What do you think of switching to “script format” for dialogue for a few pages in a story that is otherwise standard prose?
Jerry: This is script format.
Akeem (angrily): We know that! (shakes their fist)
I have a scene w/ a large group of characters who are discussing and arguing an important issue. While the argument (I hope) has plenty of conflict and tension, there is no physical activity here. A script format would allow me to present each person’s dialogue w/o having to worry about dialogue tags.
But would this sudden change in style be distracting? Or annoying? Or seen as just plain lazy?
Thank you-Dave L
Hey Dave, Oren here. Great to hear from you again!
The short version is that I wouldn’t recommend doing this. It won’t have the effect you’re going for, and it’ll cause a bunch of other problems. I say this for a few reasons.

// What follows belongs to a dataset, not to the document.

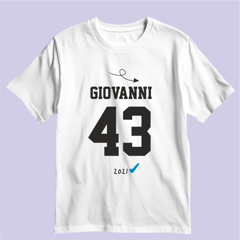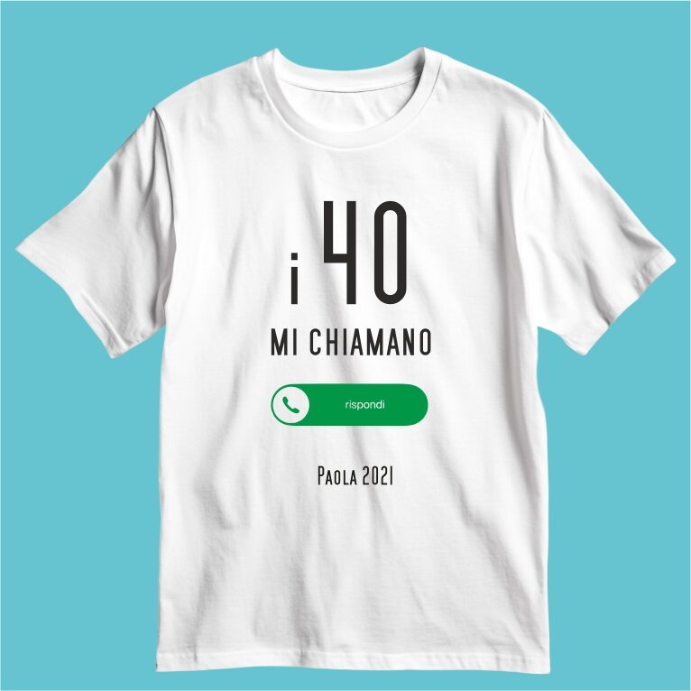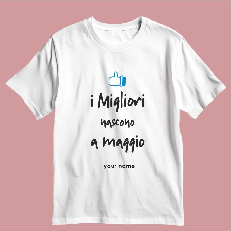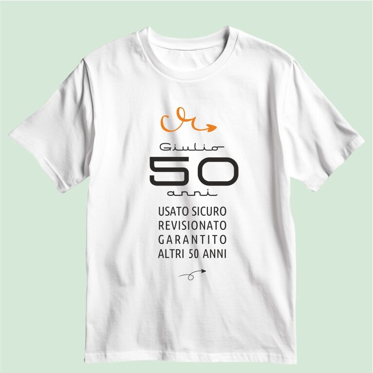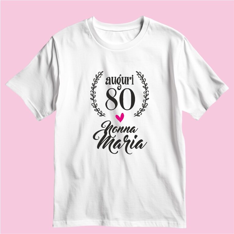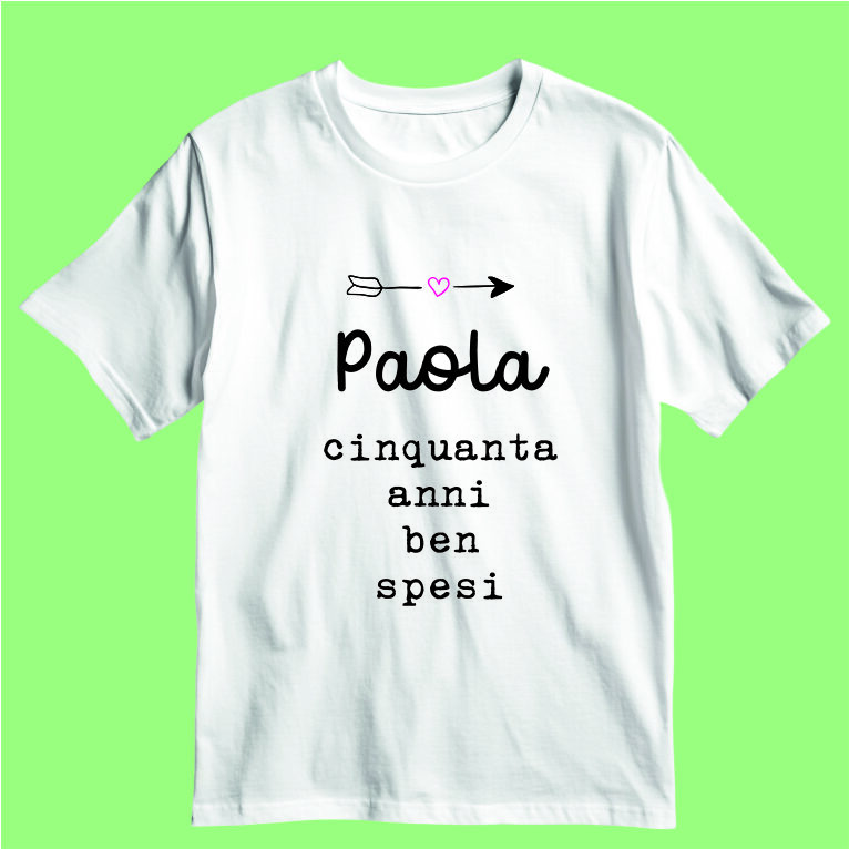 Maglietta in cotone personalizzabile con scritte, grafiche e nomi a scelta tra una gamma di proposte divertenti, ideali come regalo per occasioni speciali. Disponibile in diverse taglie.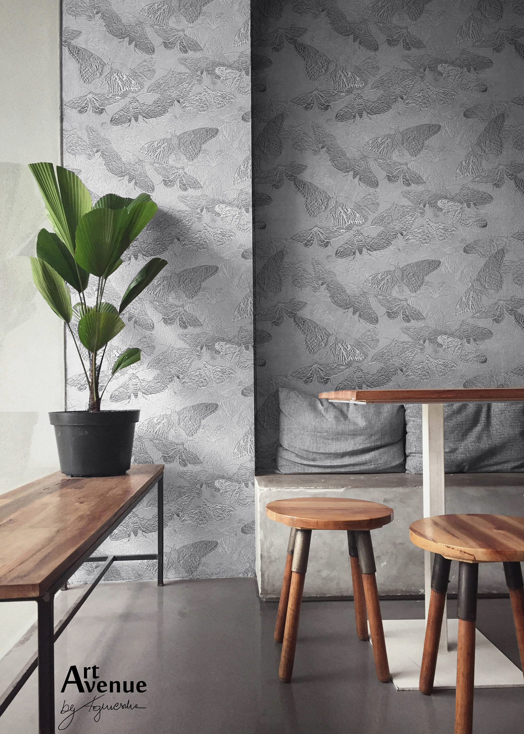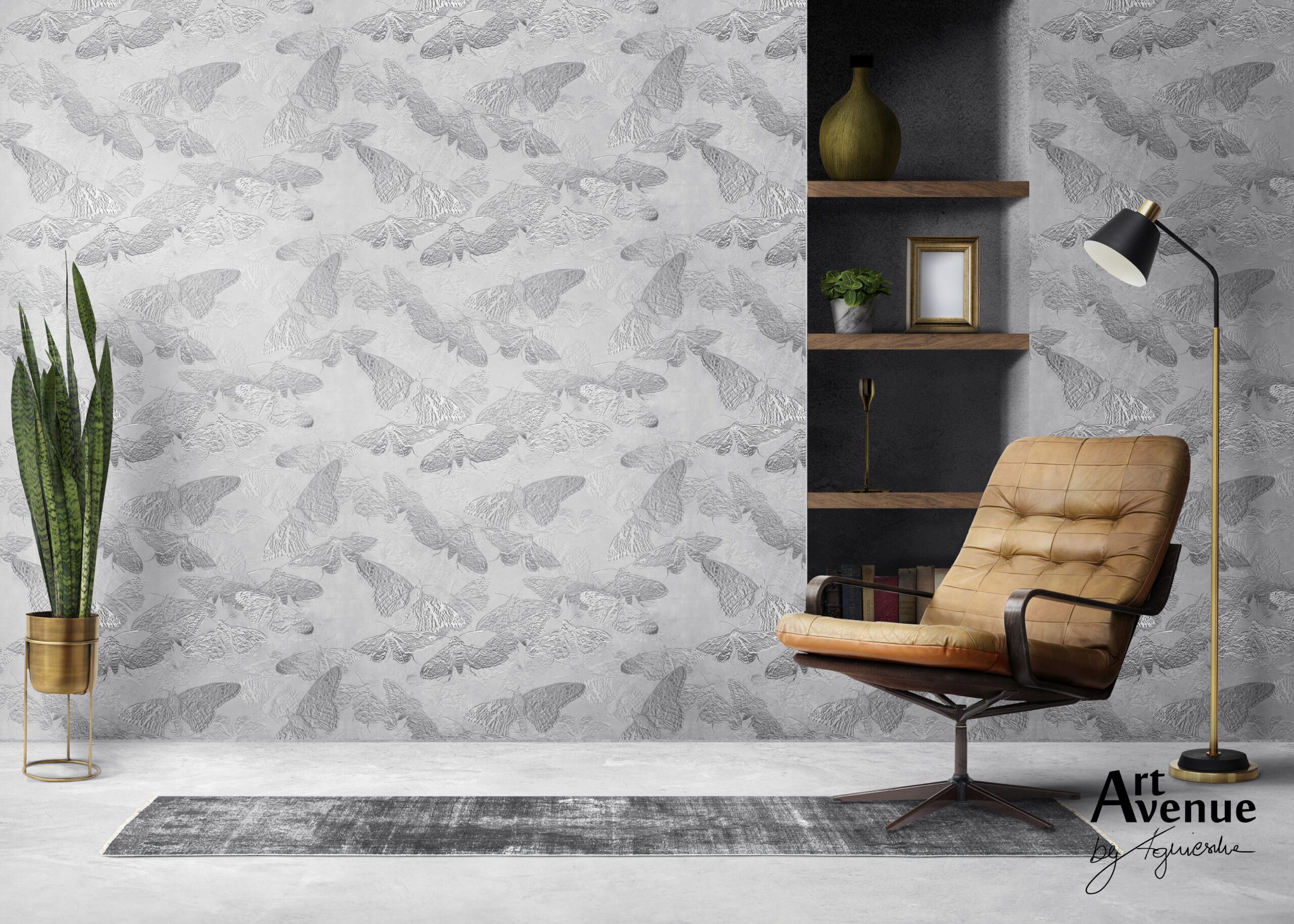 Zagęszczona wersja latających ciem wprowadza więcej blasku i dynamiki do szarości, pozwala naszym oczom lepiej uchwycić ich rysunek patrząc z bliska. Artystyczna tapeta ścienna PREMIUM z reliefowym wzorem – na rolki.

First, changing a story’s format should generally be avoided, regardless of what the change is. If the reader gets used to one set of conventions, it’s annoying to switch over to a new one. Most often, this applies to POV or tense shifts. A lot of authors want to change between first and third person, or past and present tense, but it’s rarely a good idea. This would have the same problem, forcing readers to reorient themselves and pushing them out of your story.
For the script format specifically, there’s a good reason we don’t write prose stories that way: it isn’t fun to read. Having the character’s name at the beginning of every line gets annoying fast, and it isn’t any better than repeating “said.” Putting description in stage direction form is even worse. It’s too much telling when you need to be showing, and it throws readers out of the story. This is bad enough when a story is read; it’s much worse in audio when readers can’t easily scan over stuff.
For a script, that’s okay. Script’s aren’t meant to be enjoyable reading material; they’re instructions for making a movie, TV show, or play. It’s most important that they be efficient in delivering their information so actors can figure out their scenes. Writing our stories that way would be giving up the main advantage prose has.
In your specific sequence, if the issue is dialogue attribution, then the better option is mix up tags like “said” with some minor action by the character who’s about to speak.
“This is another example,” Jerry said.
Akeem frowned. “You don’t say.”
If that’s not enough, then you might simply have too much dialogue. In that case, whatever the characters are talking about might need to be simplified, or this discussion might need to be spread out over other scenes so it can be interspersed with some action.
Hope that helps, and good luck with your story!